[COLLECTED MATERIAL Boundary: Start]

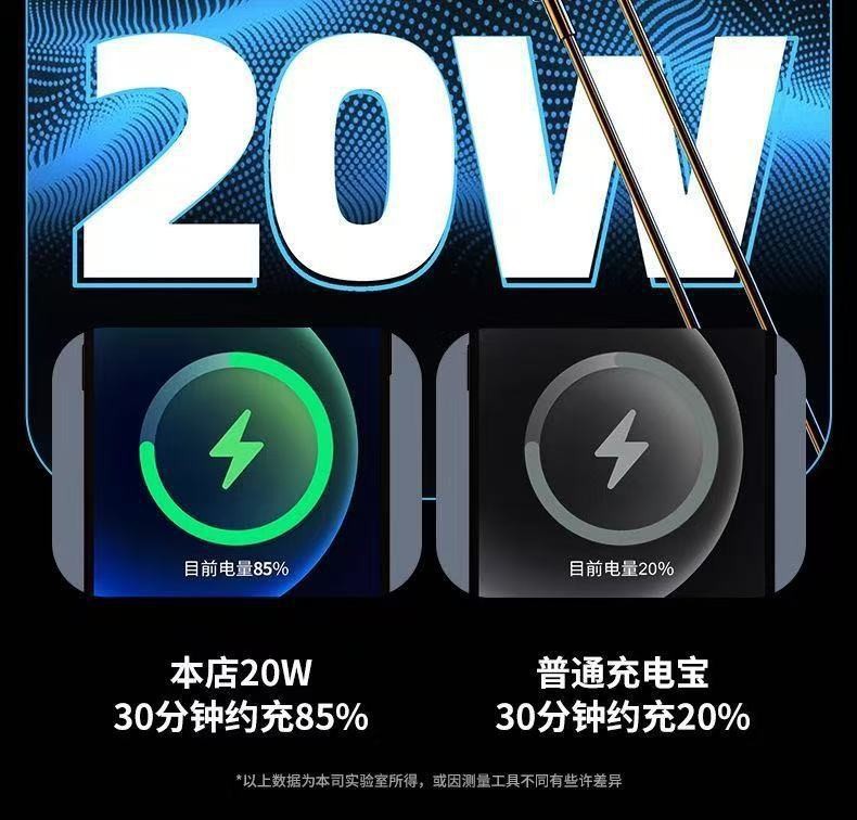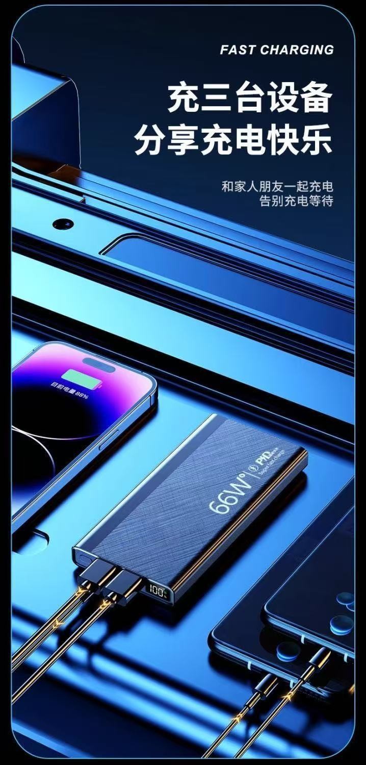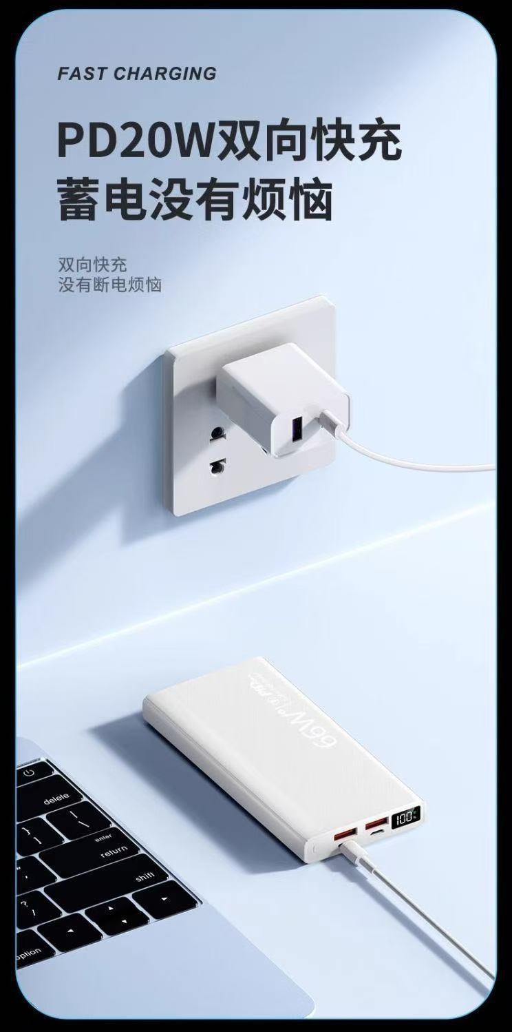 新款3C认证66W超级快充20000毫安大容量任何手机通用移动电源批发
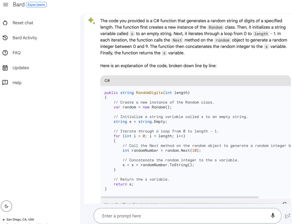 If you’re learning a new language, consider using generative AI to explain code snippets to you. I acknowledge that I’ve had mixed luck pointing Bard at a code file or repo and getting a perfect explanation. I sometimes get hallucinations (e.g. refer to files to methods that don’t exist), but I expect this functionality to get better quickly.
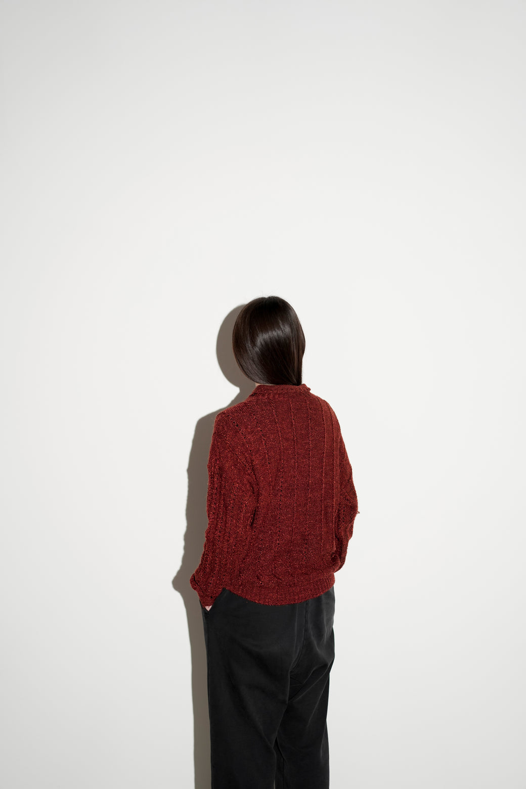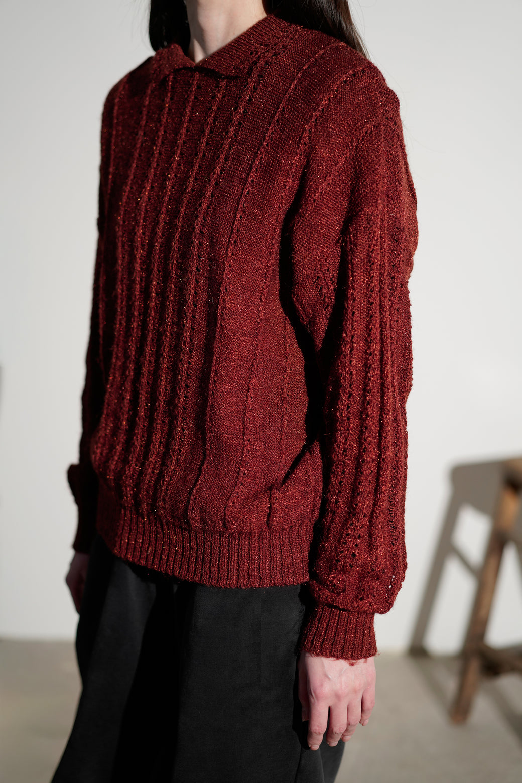This is a knit polo from the 2000s. It features a fabric with a subtle shimmer, openwork knitting, and a lightweight feel. It is in good condition with appropriate aging characteristics.

[COLLECTED MATERIAL Boundary: End]

* GOAL OF THE EXERCISE:
Exactly as written, reproduce the lines from the beginning of the material through the line with "If you’re learning", and skip any picture.

* EXERCISE ANSWER:
 新款3C认证66W超级快充20000毫安大容量任何手机通用移动电源批发
 If you’re learning a new language, consider using generative AI to explain code snippets to you. I acknowledge that I’ve had mixed luck pointing Bard at a code file or repo and getting a perfect explanation. I sometimes get hallucinations (e.g. refer to files to methods that don’t exist), but I expect this functionality to get better quickly.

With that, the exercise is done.